Текст книги "Лекции для психологов из супервизорской группы (часть 2)"
Автор книги: Евгения Белова
Жанр: Общая психология, Книги по психологии
Возрастные ограничения: +18
сообщить о неприемлемом содержимом
Текущая страница: 1 (всего у книги 28 страниц) [доступный отрывок для чтения: 9 страниц]
Лекции для психологов из супервизорской группы (часть 2)
Евгения Белова
© Евгения Белова, 2024
ISBN 978-5-0064-6250-2 (т. 2)
ISBN 978-5-0064-6251-9
Создано в интеллектуальной издательской системе Ridero
Введение
«Заниматься наукой только для личного блага постыдно… Необходимо возвратить людям, употребить им во благо свои знания, полученные из общечеловеческой сокровищницы».
В. Вернадский.
В книге представлены лекции для психологов из супервизорской группы (часть 2). Мы изучали подход Мелани Кляйн (как работать по её методу с клиентами). Можете распечатать эти лекции, подчёркивать фломастерами, изучать. Важен принцип активного обучения! Желаю применять полученные знания на практике, в своей жизни. Лично я не видела таких книг, поэтому решила внести тоже свой небольшой вклад в «общечеловеческую сокровищницу», как говорил Вернадский. Приятного погружения в профессию Психолог, Коуч! И готовьтесь, ваша жизнь будет меняться!
с уважением, психолог Евгения Белова.
Хороший объект внутри есть всегда, но связь с ним может рваться
Добрый день. Делюсь с вами тем, что узнаю от своих коллег. Верю, что это поможет вам в работе. Мы с вами начинаем этот учебный год со статьи У. Биона «Нападение на связь». Это одна из самых часто цитируемых статей. Поэтому думаю, что нам будет полезно её разобрать. Давайте снова представим картинку внутреннего мира. Есть младенец, который внутри разделён на 2 части – Я (Эго) и Объект. Объект может быть хорошим и плохим. Между Я и Объектом существует связь.

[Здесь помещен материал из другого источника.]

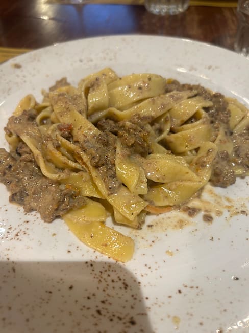 10/10Staff was great! Friendly and attentive. The food was spectacular! We both had the tagliatone one with the wild board sauce and one with the meat sauce. Both were delicious.we had a bottle of the Amorone della Valpilocella (always a lovely wine) and then split a tiramisu. The tiramisu was positively delightful! Great food and great evening!
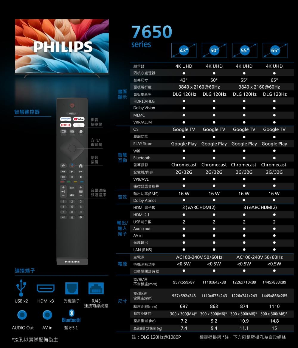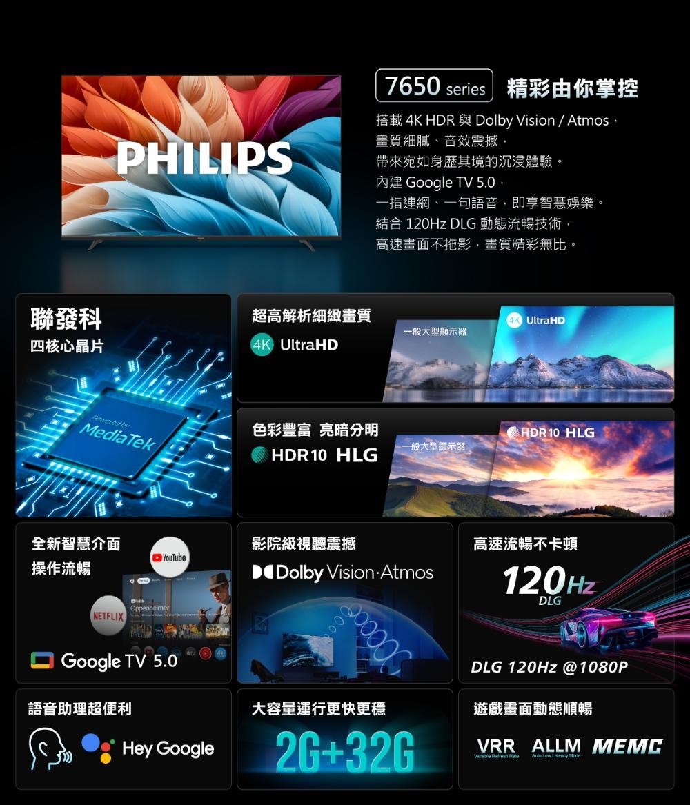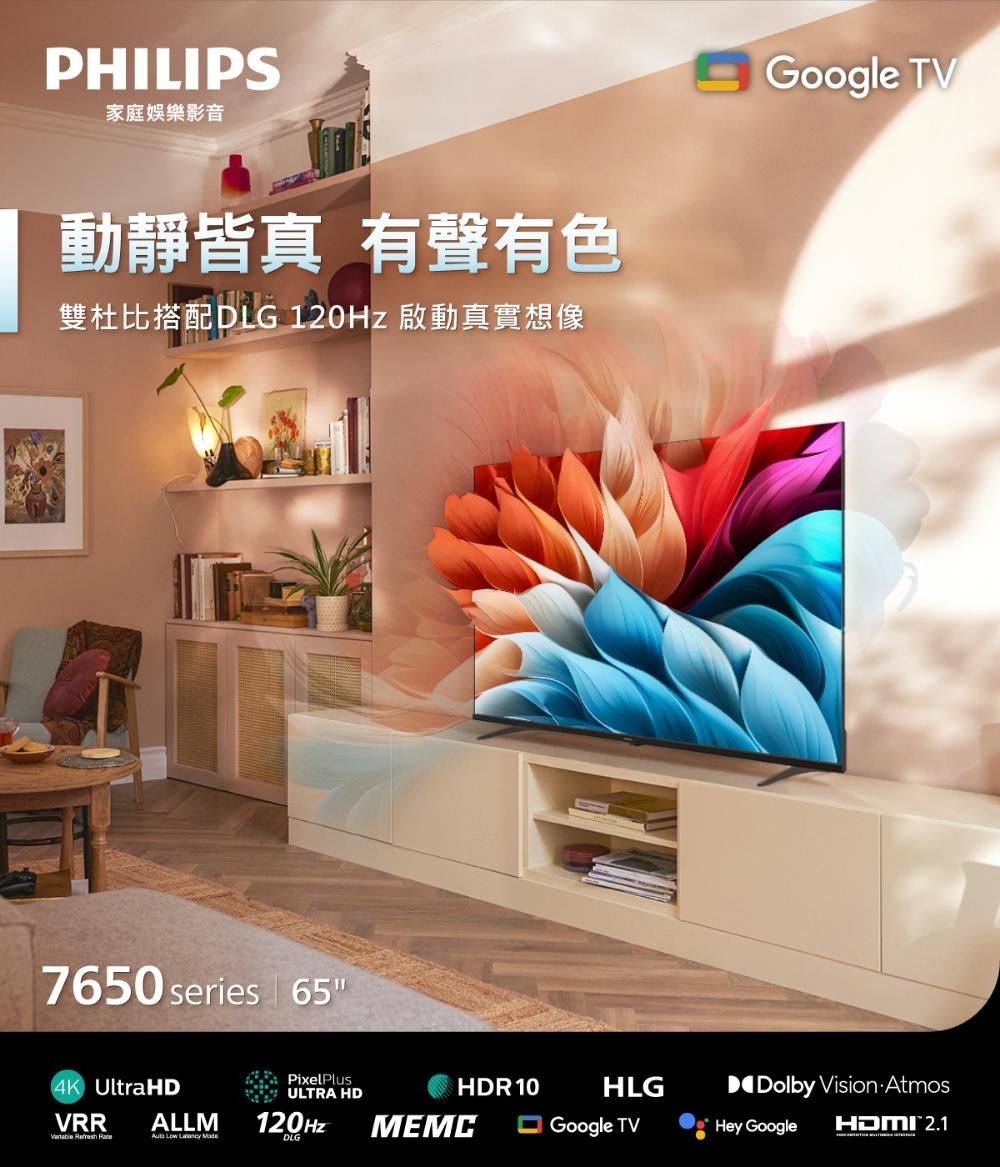 (送基本安裝)飛利浦 65吋4K DLG 120Hz GoogleTV液晶顯示器 65PUH7650
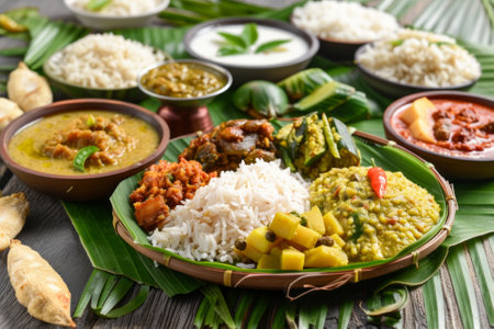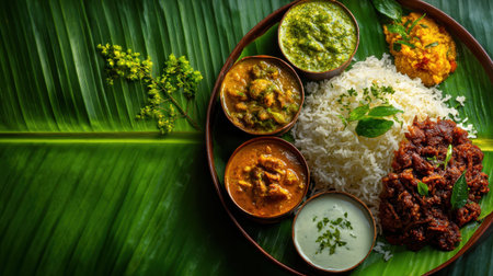 A delightful array of traditional Indian dishes presented on a banana leaf. This vibrant meal features rice, curries, and vegetables, showcasing rich flavors.
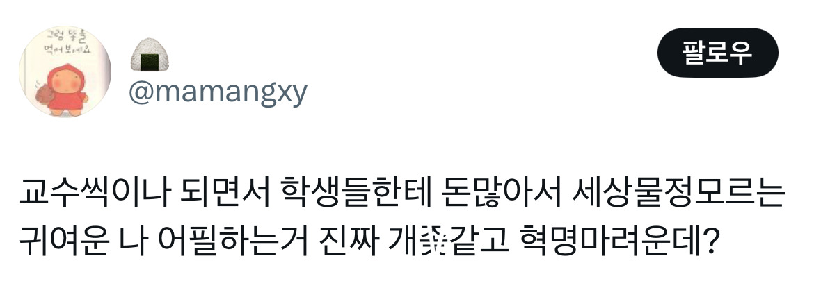 작성자https:/cafe.daum.net/subdued20club 작성시간 25.03.17 교수면 뭐하냐 수준이...
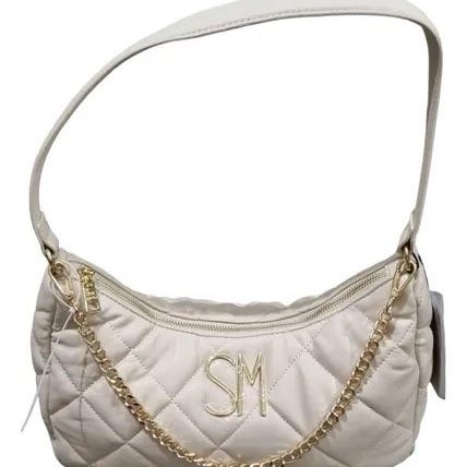 Steve Madden Dame veske laget i stoffmateriale. Vesken har en gul farge og en håndstropp. Den har glidelås og dekorative detaljer med merkevarelogo.
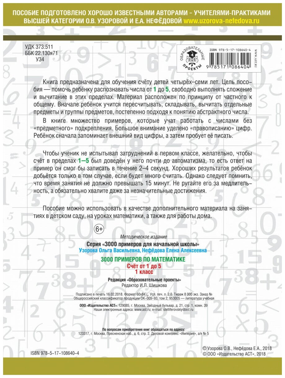 3000 примеров по математике. 1 класс. Счёт от 1 до 5. (Елена Алексеевна Нефедова, Ольга Васильевна Узорова); АСТ, 2024

– Что из себя представляет «Хороший Объект»? Это переживание в виде ощущений, чувств, каких-то состояний, когда младенец чувствует расслабление, насыщение, спокойствие, безопасность. Представьте себе младенца, который сосёт грудь. Вы увидите, что есть слияние тела матери и тела младенца. В этом слиянии младенец получает удовлетворение – молоко течёт внутрь и прогоняет прочь голод. Возникает расслабление и безопасность. Т.е. мы видим слияние 2-х тел, когда одно проникает в другое. И это вызывает положительные эмоции. Получается, младенец знает – что такое быть в слиянии и испытывать наслаждение. Материнское тело – это источник удовлетворения для младенца.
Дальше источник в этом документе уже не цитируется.